ProteoRift
Abstract
Mass-based filtering significantly reduces the peptide candidate pool for subsequent scoring in database search algorithms. While useful, filtering based on one property may lead to exclusion of non-abundant spectra and uncharacterized peptides – potentially exacerbating the streetlight effect. Here we present ProteoRift, a novel attention and multitask deep-network, which can predict multiple peptide properties (length, missed cleavages, and modification status) directly from spectra 77.8% of the time. Integrating ProteoRift into an end-to-end pipeline significantly reduces the search space compared to mass-only filtering. This delivers 8x to 12x speedups while maintaining peptide deduction accuracy comparable to established algorithmic techniques. We also developed uncertainty estimation metrics, which can distinguish between in-distribution and out-of-distribution data (ROC-AUC 0.99) and predict high-scoring mass spectra against the correct peptide (ROC-AUC 0.94). These models and metrics are integrated in an end-to-end pipeline available at https://github.com/pcdslab/ProteoRift.
Usage
Installation
pip install proteorift
Using Sample Data
from proteorift import ProteoRiftSearch
# Initialize and run with sample data
searcher = ProteoRiftSearch()
results = searcher.search_with_sample_data()
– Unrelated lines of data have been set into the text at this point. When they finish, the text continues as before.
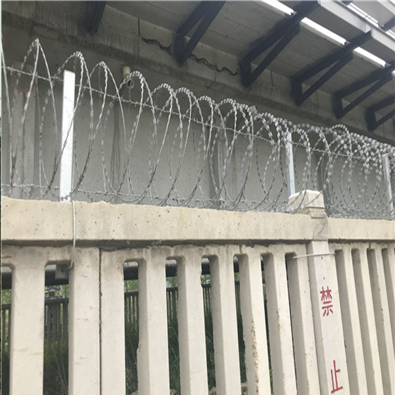 刀刺滾籠生產(chǎn)工藝 :刀片刺繩由熱鍍鋅板或不銹鋼薄板沖壓出尖銳的刀片狀,高張力鍍鋅鋼絲或者不銹鋼絲做芯線組合而成的防護(hù)產(chǎn)品,利用不銹鋼卡扣將刀片刺繩繞圈后相臨兩圈每隔120°用刺絲連接卡固定,張開后形成蛇腹網(wǎng)狀,閉合后刀片刺繩 圈徑為50cm,張開后每交叉圈安裝間距20cm,直徑不小于45cm。由于刺網(wǎng)造形獨(dú)特不易觸摸、形成立體圍護(hù)因而能達(dá)到極好的防護(hù)隔離效果,該產(chǎn)品具有嚇阻效果好、美觀、施工便利、線型可隨地勢(shì)變換、經(jīng)濟(jì)實(shí)用等優(yōu)異特點(diǎn)。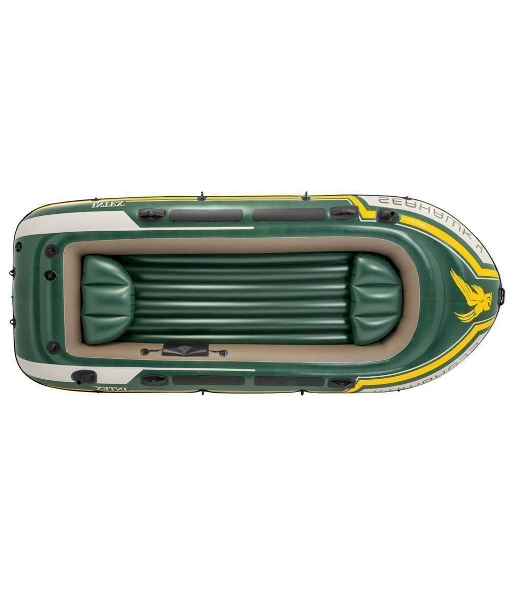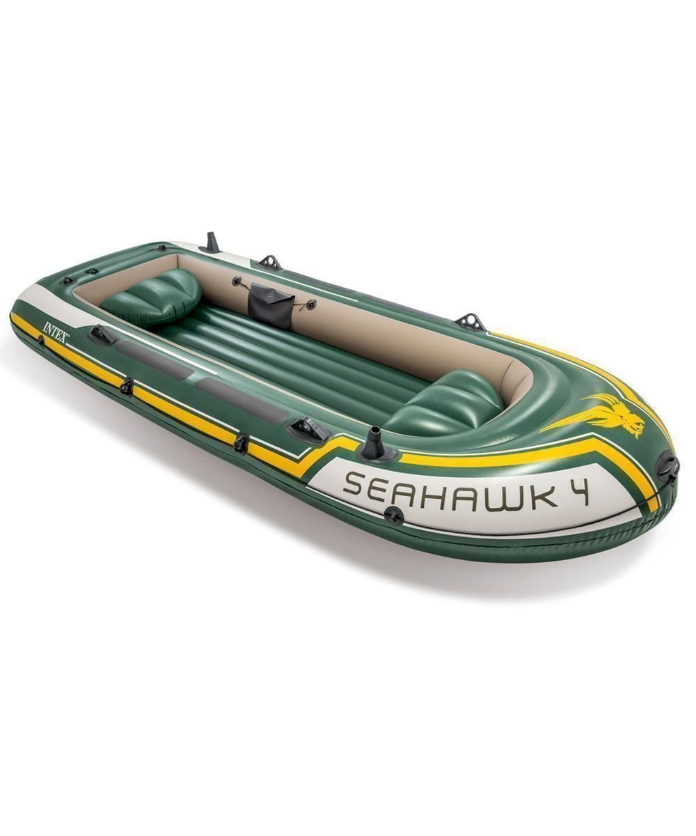 Le bateau Intex Seahawk 4 est fabriqué en vinyle solide (0,75 millimètre) et est fourni avec deux coussins gonflables, deux pagaies, une pompe à main et un kit de réparation.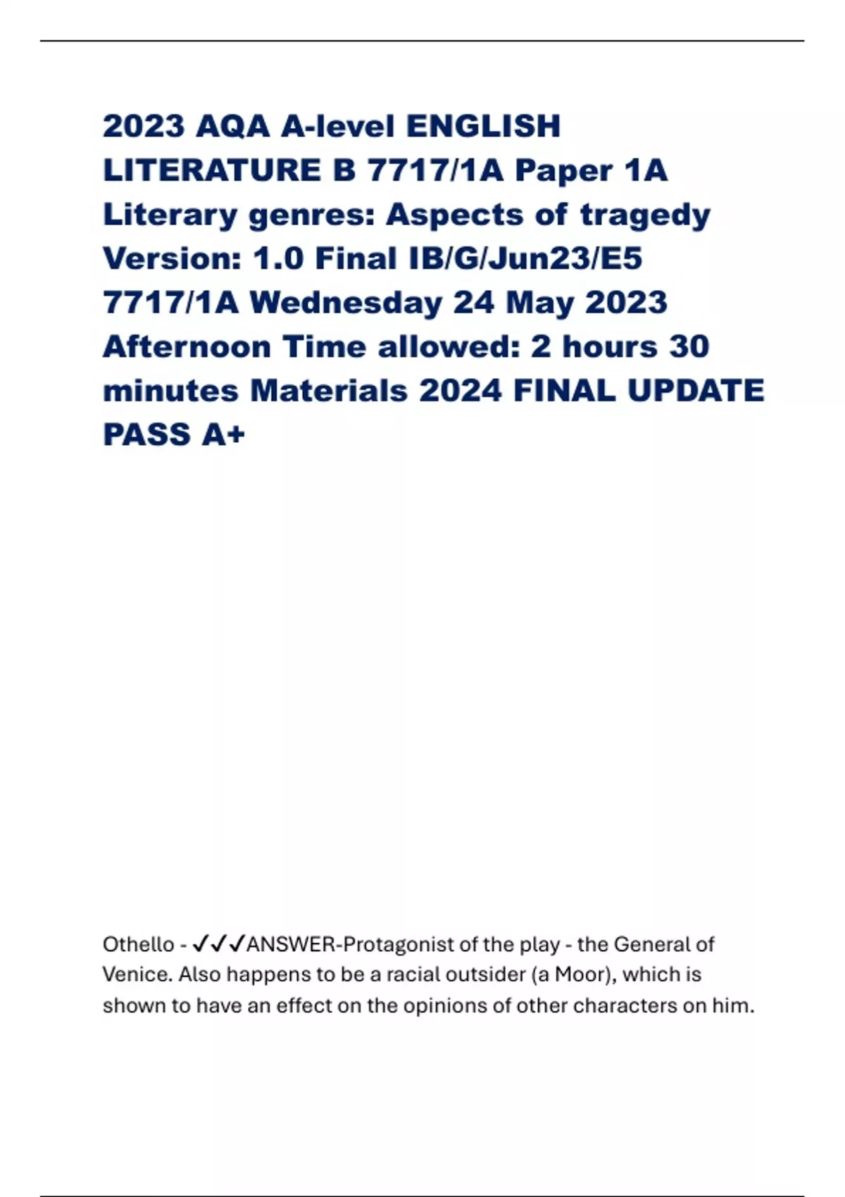2023 AQA A-level ENGLISH LITERATURE B 7717/1A Paper 1A Literary genres: Aspects of tragedy Version: 1.0 Final IB/G/Jun23/E5 7717/1A Wednesday 24 May 2023 Afternoon Time allowed: 2 hours 30 minutes Materials 2024 FINAL UPDATE PASS A+ Othello - ANSWER-Protagonist of the play - the General of Venice. Also happens to be a racial outsider (a Moor), which is shown to have an effect on the opinions of other characters on him.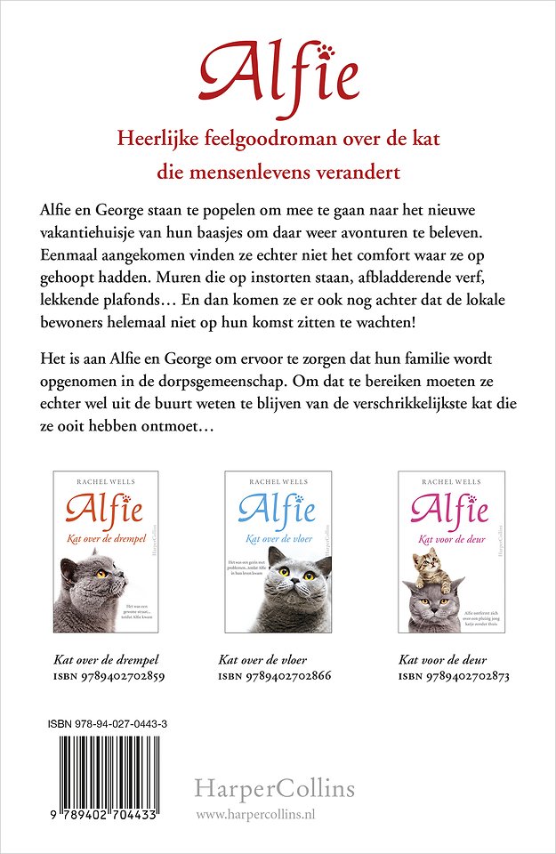 Alfie en George redden de vakantie van hun baasjesAlfie en George staan te popelen om mee te gaan naar het nieuwe vakantiehuisje van hun baasjes om daar weer avonturen te beleven. Eenmaal aangekomen vinden ze echter niet het comfort waar ze op gehoopt hadden. Muren die op instorten staan, afbladderende verf, lekkende plafonds… En dan komen ze er ook nog achter dat de lokale bewoners helemaal niet op hun komst zitten te wachten!Het is aan Alfie en George om ervoor te zorgen dat hun familie wordt opgenomen in de dorpsgemeenschap. Om dat te bereiken moeten ze echter wel uit de buurt weten te blijven van de verschrikkelijkste kat die ze ooit hebben ontmoet…Heerlijke feelgoodroman over de kat die mensenlevens verandert.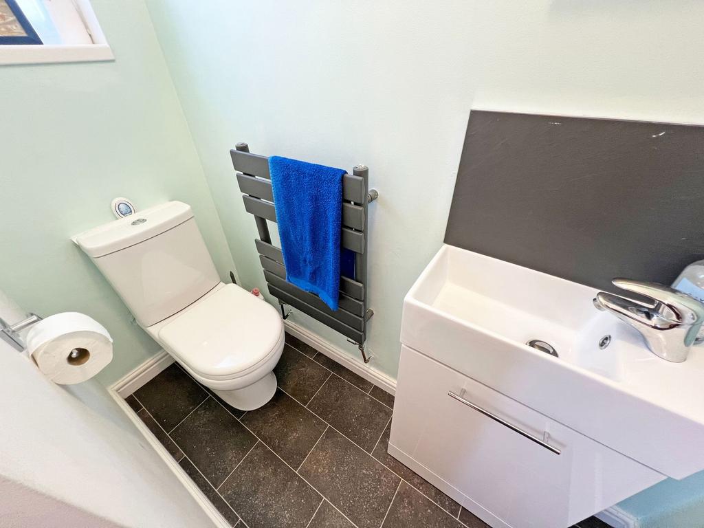 Outside the rear is a low-maintenance garden, which is mainly slabbed, with a covered but open area attached to the rear of the property. The property also benefits from a storage shed with full electrics.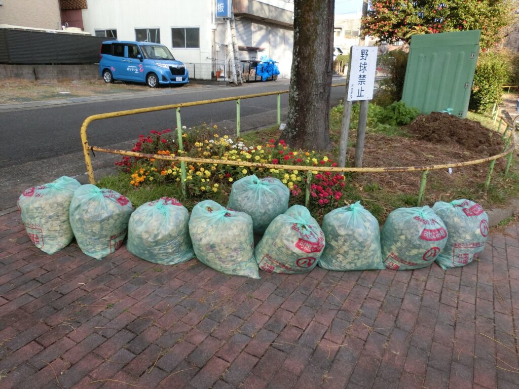 12月初めの定例の公園掃除から落ち葉掃除を始めて三週経ちますが、なかなか掃除が終わりません。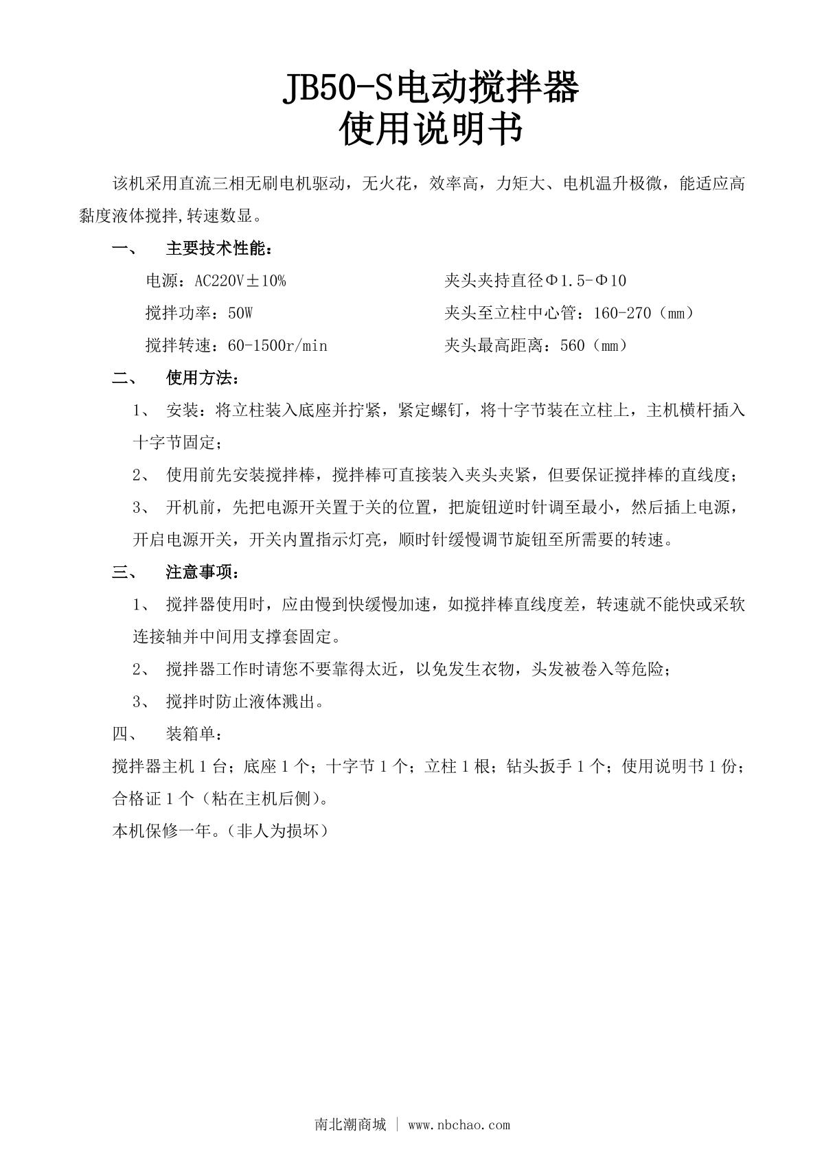 ChiJiu JB50-S Overhead Stirrer Manual,OI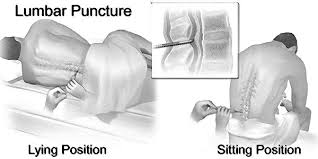 Lumbar Puncture (LP): A needle is inserted between two lumbar (lower back) vertebrae and used to withdraw spinal fluid. Analysis of the spinal fluid can determine a diagnosis of MS.
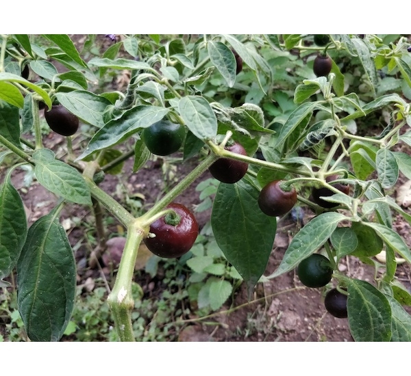 Popis rostliny: až 130 cm vytváří spletivý keřík s hustým zavětvením i blízkým sponem listů. Za vhodných podmínek však keř ztrácí svoji kompaktnost a větve rostou nahodile se značným nárokem na svůj živostní prostor. Listy jsou poměrně malé, zbytnělé vejčitého tvaru. Květ odpovídá dalšímu charakteristickému znaku Capsicum pubescens a totiž purpurovému okvětí a fialovobílími prašníky.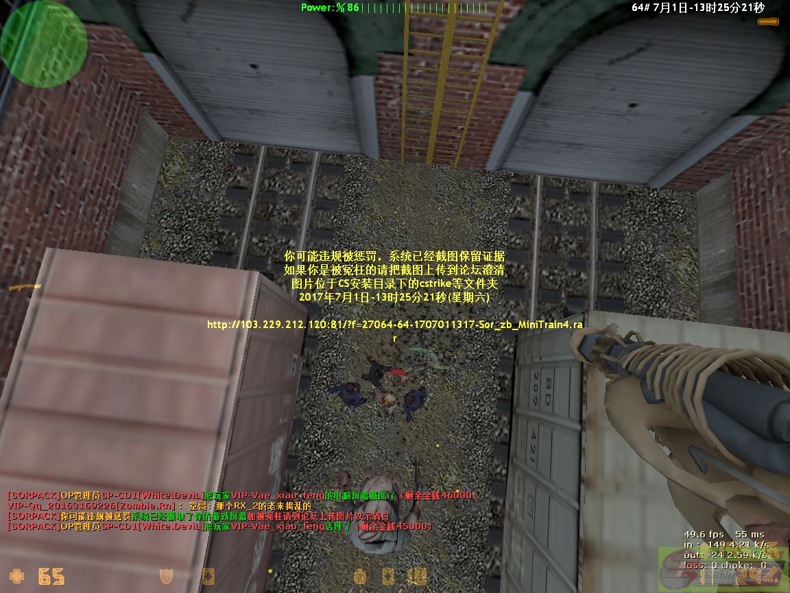 132017-07-01 13:27:00【64丧尸升级服】管理员SP-CD1[White.DeviL]对玩家VIP-Vae_xiao_feng进行双方截图[Demo]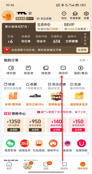 2、登录后进入我的淘宝页面,点击待评价选项,进入评价管理界面。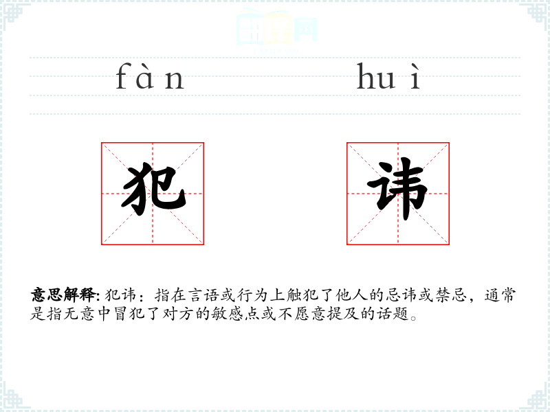 犯讳:指在言语或行为上触犯了他人的忌讳或禁忌,通常是指无意中冒犯了对方的敏感点或不愿意提及的话题。

print(f"Results saved to: {results['output_dir']}")
Using Your Own Data
from proteorift import ProteoRiftSearch
# Initialize search
searcher = ProteoRiftSearch()
# Run peptide database search
results = searcher.search(
mgf_dir="path/to/your/spectra", # Directory with MGF files
peptide_db="path/to/your/database", # Directory with FASTA files
output_dir="./results"
)
Custom Parameters
searcher = ProteoRiftSearch(
precursor_tolerance=10,
precursor_tolerance_type="ppm",
charge=3,
length_filter=True,
device="cuda"
)
results = searcher.search(mgf_dir="...", peptide_db="...")
Command Line Interface
# Run search with sample data
proteorift search-sample --output-dir ./results
# Run search with your data
proteorift search \
--mgf-dir path/to/spectra \
--peptide-db path/to/database \
--output-dir ./results \
--tolerance 10 \
--charge 3
# Download models only
proteorift download-models
Output
ProteoRift generates Percolator-compatible PIN files:
target.pin- Target peptide-spectrum matchesdecoy.pin- Decoy peptide-spectrum matches
Training Data
The model was trained on large-scale mass spectrometry datasets including:
- NIST human peptide libraries
- MassIVE public datasets
- DeepNovo
System Requirements
- GPU Memory: 12GB+ recommended
- Python: 3.8+
- PyTorch: 1.10+
Citation
If you use ProteoRift in your research, please cite the following paper:
Tariq, U., Shabbir, B. & Saeed, F. End-to-end deep attention-based multitask pipeline for predicting uncertainty-quantified peptide properties from mass spectrometry data. Sci Rep (2026). https://doi.org/10.1038/s41598-026-43215-2
License
This model and associated code are released under the CC-BY-NC-ND 4.0 license and may only be used for non-commercial, academic research purposes with proper attribution. Any commercial use, sale, or other monetization of this model and its derivatives, which include models trained on outputs from the model or datasets created from the model, is prohibited and requires prior approval. Downloading the model requires prior registration on Hugging Face and agreeing to the terms of use. By downloading this model, you agree not to distribute, publish or reproduce a copy of the model. If another user within your organization wishes to use the model, they must register as an individual user and agree to comply with the terms of use. Users may not attempt to re-identify the deidentified data used to develop the underlying model. If you are a commercial entity, please contact the corresponding author.